Stored data:
⁂

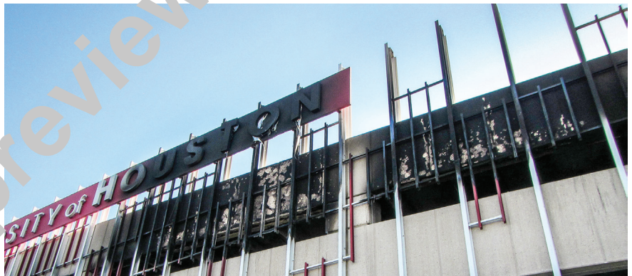
Fig. 3—Fire damage at exterior of garage
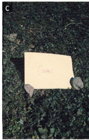
Non-winter-hardy cover crops can be grown in the fall and left to form a dead mulch the following spring. Oilseed radish (a) suppresses winter weeds very well compared to the control (c; no fall cover crops) but leaves little residue by April. Oats (b) are less effective at weed suppression but leave much more aboveground residue.

Japanese millet appears to be a good choice for weed suppression in any six-week opening in the summer. For warm, dry soils and longer weed control, sudangrass may be a better choice. For shorter openings, buckwheat works well. In trials in Massachusetts, two plantings of buckwheat (sown in early June and late July at 84 kg/ha) followed by winter rye (sown at 126 kg/ha in September) were extremely effective at reducing weeds for a subsequent lettuce crop. Such a system has the advantage of combining tillage with continuous cover crop competition for weed control.
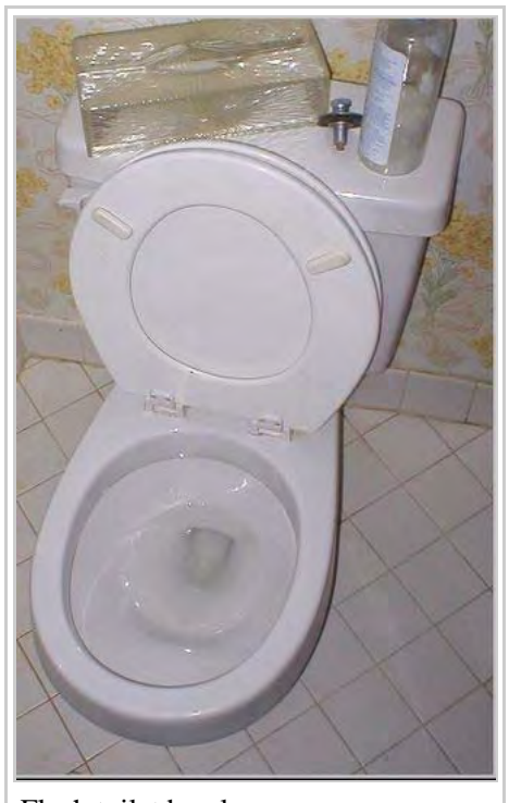
Flush toilet bowl

A pit toilet, or pit latrine, is a dry toilet system which collects human excrement in a pit or trench, ranging from a simple slit trench to more elaborate systems with seating or squatting pans and ventilation systems. In developed countries they are associated with camping and wilderness areas, whereas they are common in rural or peri-urban areas of much of the developing world. Pit toilets are used in emergency situations.
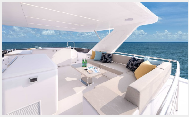
Tri deck with L shaped seating and storage.
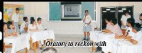
Oratory to reckon with
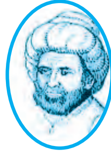
Muhammad ibn Musa al-Khwarizmi (C.E. 780 – 850)

A lemma is a proven statement used for proving another statement.
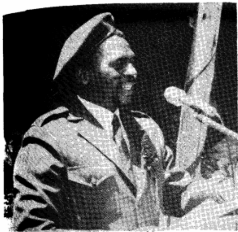
Hon. E. Mabuza, leader of Inyandza Movement — in full regalia.
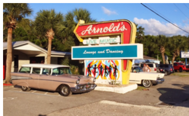
Here you can see Max and Jan’s ’57 Wagon with Arpaia’s Lincoln’s nose peaking out from behind the sign.
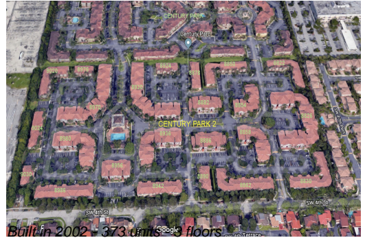
Built in 2002 - 373 units - 300k+ floors
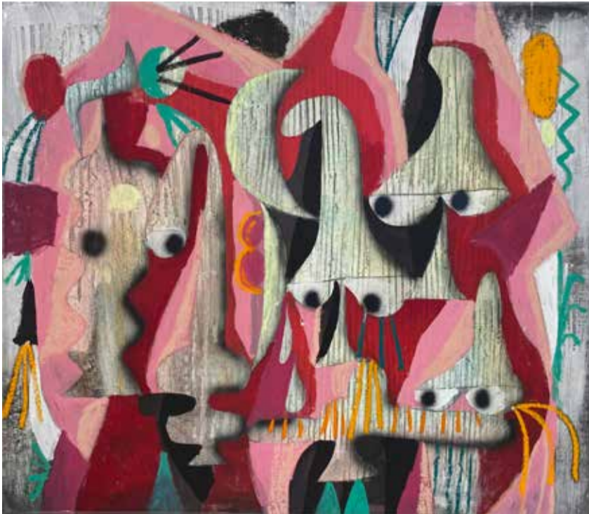
JÓZSEF CSATÓ: BURGUNDY VIBES, 2022 oil, acrylic, canvas 140 x 160 cm
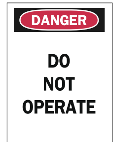
5" x 3½" - 66006 7" x 5" - 66007
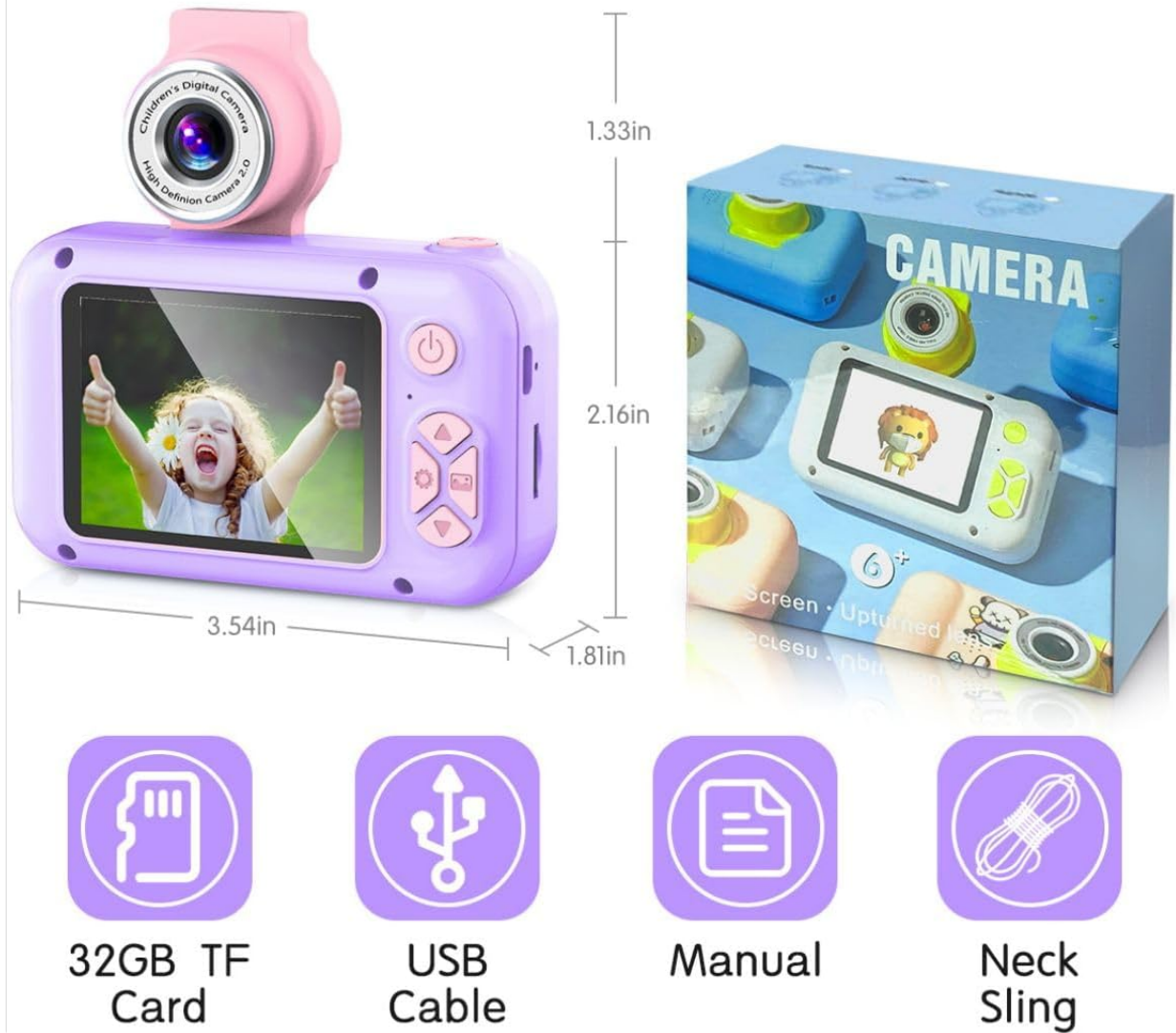
Image: The ARNSSIEN X101 Kids Digital Camera shown with its included accessories: USB charging cable, 32GB TF card, user manual, and dual-use strip.
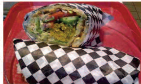
Chicken Shawarma, a popular Cumin wrap.

Cumin partners with non-profits, "Community with a Cause," and hosts "Dine-Out" fundraisers with 10% to 15% of sales going back to the participating schools.
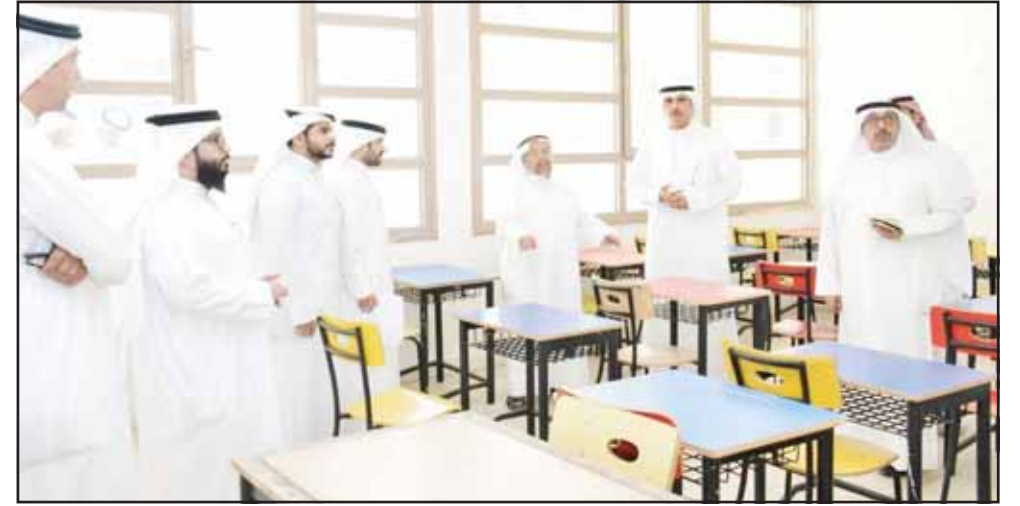
Ahmadi Governor Sheikh Hamoud Jaber Al-Ahmad Al-Sabah during inspection tour across various schools to assess their readiness for the new academic year.

These efforts are complemented by increased coordination with the Kuwait Supply Company and cooperative societies to address supply discrepancies, aimed at enhancing the efficiency of Kuwait's supply system.

⁂

§ GOAL OF THE EXERCISE
When you reach the line with "JÓZSEF CSATÓ: BURGUNDY" in the records above, start writing out each line exactly, and stop after the line with "Chicken Shawarma, a popular Cumin wrap.". Pictures stay out.

§ REPLY TO THE TASK
JÓZSEF CSATÓ: BURGUNDY VIBES, 2022 oil, acrylic, canvas 140 x 160 cm
5" x 3½" - 66006 7" x 5" - 66007
Image: The ARNSSIEN X101 Kids Digital Camera shown with its included accessories: USB charging cable, 32GB TF card, user manual, and dual-use strip.
Chicken Shawarma, a popular Cumin wrap.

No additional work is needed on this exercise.